In a previous article, I wrote about a mistake I made as a student in analytics. In short, my team handed off our training code and training data as the deliverable for our Capstone project, citing that the users can rerun our training code to get the model. I’m glad to report that I have seen the error of my ways. As my penance, I hope to steer other data scientists away from this path and towards being more productive and more appreciated members of their analytical teams. So, let’s talk about training code, scoring code, and what makes a model.

I love an Interactive Python Notebook like Jupyter for exploring my data and training my model, but please don’t put one in production

What is a model?

A machine learning model is an object that quantifies a pattern within a dataset and is meant to approximate a real-world relationship. By building a machine learning model on what’s already happened, we hope to predict what may happen in the future. By understanding the future, we can make better decisions now. In this article, we’re going to focus, specifically, on supervised machine learning, which is the branch of machine learning concerned with predicting labeled outcomes.

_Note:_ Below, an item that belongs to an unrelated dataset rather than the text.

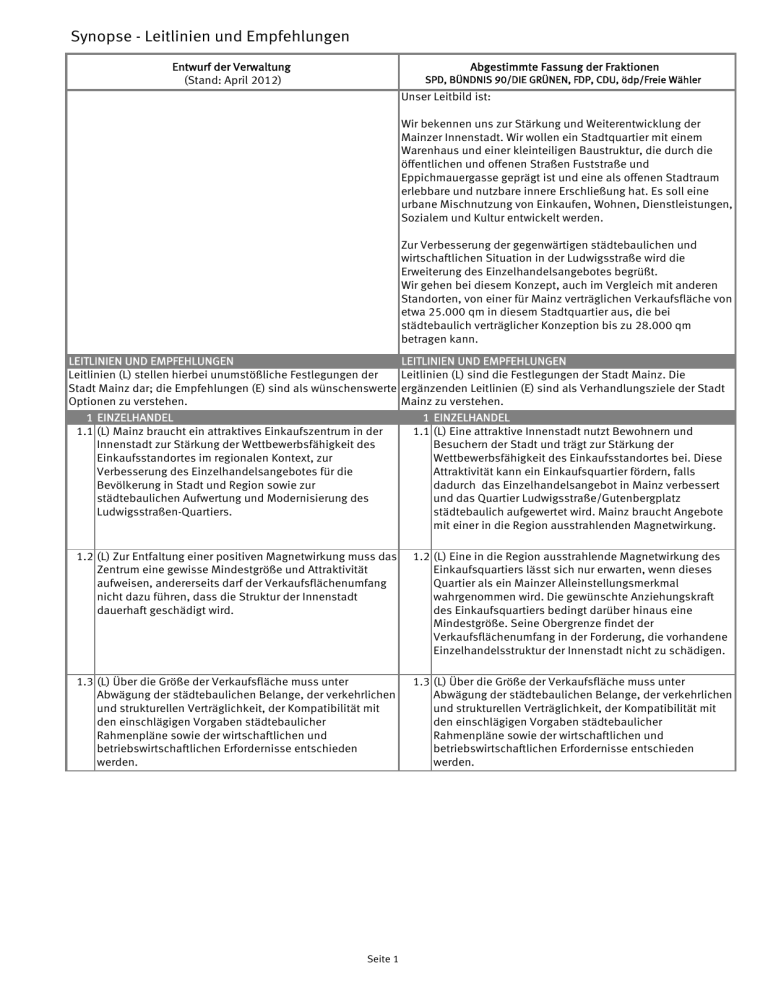 Synopse - Leitlinien und Empfehlungen Abgestimmte Fassung der Fraktionen Entwurf der Verwaltung (Stand: April 2012) SPD, BÜNDNIS 90/DIE GRÜNEN, FDP, CDU, ödp/Freie Wähler Unser Leitbild ist: Wir bekennen uns zur Stärkung und Weiterentwicklung der Mainzer Innenstadt. Wir wollen ein Stadtquartier mit einem Warenhaus und einer kleinteiligen Baustruktur, die durch die öffentlichen und offenen Straßen Fuststraße und Eppichmauergasse geprägt ist und eine als offenen Stadtraum erlebbare und nutzbare innere Erschließung hat. Es soll eine urbane Mischnutzung von Einkaufen, Wohnen, Dienstleistungen, Sozialem und Kultur entwickelt werden. Zur Verbesserung der gegenwärtigen städtebaulichen und wirtschaftlichen Situation in der Ludwigsstraße wird die Erweiterung des Einzelhandelsangebotes begrüßt. Wir gehen bei diesem Konzept, auch im Vergleich mit anderen Standorten, von einer für Mainz verträglichen Verkaufsfläche von etwa 25.000 qm in diesem Stadtquartier aus, die bei städtebaulich verträglicher Konzeption bis zu 28.000 qm betragen kann. LEITLINIEN UND EMPFEHLUNGEN Leitlinien (L) stellen hierbei unumstößliche Festlegungen der Stadt Mainz dar; die Empfehlungen (E) sind als wünschenswerte Optionen zu verstehen. 1 EINZELHANDEL 1.1 (L) Mainz braucht ein attraktives Einkaufszentrum in der Innenstadt zur Stärkung der Wettbewerbsfähigkeit des Einkaufsstandortes im regionalen Kontext, zur Verbesserung des Einzelhandelsangebotes für die Bevölkerung in Stadt und Region sowie zur städtebaulichen Aufwertung und Modernisierung des Ludwigsstraßen-Quartiers. LEITLINIEN UND EMPFEHLUNGEN Leitlinien (L) sind die Festlegungen der Stadt Mainz. Die ergänzenden Leitlinien (E) sind als Verhandlungsziele der Stadt Mainz zu verstehen. 1 EINZELHANDEL 1.1 (L) Eine attraktive Innenstadt nutzt Bewohnern und Besuchern der Stadt und trägt zur Stärkung der Wettbewerbsfähigkeit des Einkaufsstandortes bei. Diese Attraktivität kann ein Einkaufsquartier fördern, falls dadurch das Einzelhandelsangebot in Mainz verbessert und das Quartier Ludwigsstraße/Gutenbergplatz städtebaulich aufgewertet wird. Mainz braucht Angebote mit einer in die Region ausstrahlenden Magnetwirkung. 1.2 (L) Zur Entfaltung einer positiven Magnetwirkung muss das Zentrum eine gewisse Mindestgröße und Attraktivität aufweisen, andererseits darf der Verkaufsflächenumfang nicht dazu führen, dass die Struktur der Innenstadt dauerhaft geschädigt wird. 1.2 (L) Eine in die Region ausstrahlende Magnetwirkung des Einkaufsquartiers lässt sich nur erwarten, wenn dieses Quartier als ein Mainzer Alleinstellungsmerkmal wahrgenommen wird. Die gewünschte Anziehungskraft des Einkaufsquartiers bedingt darüber hinaus eine Mindestgröße. Seine Obergrenze findet der Verkaufsflächenumfang in der Forderung, die vorhandene Einzelhandelsstruktur der Innenstadt nicht zu schädigen. 1.3 (L) Über die Größe der Verkaufsfläche muss unter Abwägung der städtebaulichen Belange, der verkehrlichen und strukturellen Verträglichkeit, der Kompatibilität mit den einschlägigen Vorgaben städtebaulicher Rahmenpläne sowie der wirtschaftlichen und betriebswirtschaftlichen Erfordernisse entschieden werden. 1.3 (L) Über die Größe der Verkaufsfläche muss unter Abwägung der städtebaulichen Belange, der verkehrlichen und strukturellen Verträglichkeit, der Kompatibilität mit den einschlägigen Vorgaben städtebaulicher Rahmenpläne sowie der wirtschaftlichen und betriebswirtschaftlichen Erfordernisse entschieden werden. Seite 1 Synopse - Leitlinien und Empfehlungen Entwurf der Verwaltung (Stand: April 2012) Abgestimmte Fassung der Fraktionen SPD, BÜNDNIS 90/DIE GRÜNEN, FDP, CDU, ödp/Freie Wähler 1.4 (L) Den Orientierungsrahmen geben die von BulwienGesa sowie Junker und Kruse ermittelten Verkaufsflächenpotentiale und als sinnvoll empfohlenen Größenordnungen vor. Sie liegt zwischen dem Umfang der beiden anderen Pole des Tripols und demnach bei 25.000 qm bis 28.000 qm Einzelhandelsverkaufsfläche einschließlich des Flächenbedarfs für Karstadt aber ohne die Flächen für Dienstleistungen und Gastronomie. 1.4 (L) Den Orientierungsrahmen geben die von BulwienGesa sowie Junker und Kruse ermittelten Verkaufsflächenpotentiale und als sinnvoll empfohlenen Größenordnungen vor. Sie liegt zwischen dem Umfang der beiden anderen Pole des Tripols und demnach bei 25.000 qm bis 28.000 qm Einzelhandelsverkaufsfläche im Bereich des gesamten Stadtquartiers Ludwigsstraße; eine Erweiterung auf bis zu 28.000 qm Einzelhandelsverkaufsfläche ist denkbar im Hinblick auf eine Einbeziehung des Bereichs zwischen Weißliliengasse und Osteiner Hof; die Flächenangaben verstehen sich einschließlich des Flächenbedarfs für Karstadt aber ohne die Flächen für Dienstleistungen und Gastronomie. Die Realisierbarkeit von Verkaufsflächen dieser Größenordnung hängt von der städtebaulichen Verträglichkeit der dafür erforderlichen Baukörper ab. Die Verträglichkeit für den Mainzer Einzelhandel ist auch unter Berücksichtigung der Randlagen gutachterlich nachzuweisen. 1.5 (L) Zur Entfaltung größtmöglicher positiver Wechselwirkungen zwischen dem Einkaufszentrum und der City/den angrenzenden Einkaufslagen ist ein Höchstmaß an architektonischer Einfügung, Außenorientierung, Öffnung und Durchlässigkeit erforderlich. 1.5 (L) Zur Entfaltung größtmöglicher positiver Wechselwirkungen zwischen dem Einkaufsquartier und der City/den angrenzenden Einkaufslagen ist ein Höchstmaß an architektonischer Einfügung, Außenorientierung, Öffnung und Durchlässigkeit erforderlich. 1.6 (E) Zur gegenseitigen angebotsorientierten Stärkung von Einkaufszentrum und Innenstadt/City soll der Branchen-, Betriebsarten-, Betriebsgrößen- und Sortimentsmix auf eine Füllung von Angebotslücken zur Ergänzung des Innenstadtangebotes ausgerichtet werden. Insbesondere soll auf eine Arbeitsteilung zwischen den drei Polen des Tripols (Brand, Römerpassage, Ludwigsstraße) hingewirkt w

For example, a group of students may want to know how long they need to study to make an A on their final exam. They may look at various measures from students in previous terms, like grades on previous exams as well as time spent studying or time spent goofing off. These students may train a regression model and come up with an equation like so:

Final-Exam-Grade = 0.7*Midterm-Grade + 4*Hours-Studying– 2*Hours-Scrolling-Phone

Or they may train a decision tree model and come up with a series of rules like:
If Midterm-Grade >= 80 and if Hours-Studying >= 4: Final-Exam-Grade is A
Else if Midterm-Grade >= 80 and if Hours-Studying < 4: Final-Exam-Grade is B
Else if Midterm-Grade < 80 and if Hours-Studying >= 6: Final-Exam-Grade is B
Else: Final-Exam-Grade is C

Decision trees and regressions are both common types of models. But how did the students know to weigh the Midterm-Grade as 0.7 in the regression? Why not 0.8? Or 0.75? And how did they come up with 4 as the magic number for getting an A in the decision tree model when determining how long they need to study if their midterm grade is greater than 80? Well, that’s where model training comes in.

What is training code?

Training code uses labeled data to build the model. This code uses a lot of mathematical calculations to find and quantify patterns between the input variables and the labeled outcome of interest. Computers are well suited for these kinds of problem as they can make these calculations far faster than you or I.

The method for building the model varies based on the type of machine learning model being built. For example, our students might have used their knowledge of matrix multiplication to write a program to calculate the Ordinary Least Squares (OLS) to determine that the values of 0.7, 4, and 2 minimized the differences between their regression model’s prediction and the labels in their data…just kidding. If they could break out matrix multiplication, they probably don’t need to worry about their exam.

Ah, it takes me back to my linear algebra class

Luckily for us, a lot of this complexity has been abstracted away. When we go to train the model, we often just need to decide which type of model we want to train and the parameters we’d like to try. And with capabilities like hyperparameter autotuning and automated machine learning, training a model becomes much easier on us. (But maybe not for the computer, which is still running all those calculations.)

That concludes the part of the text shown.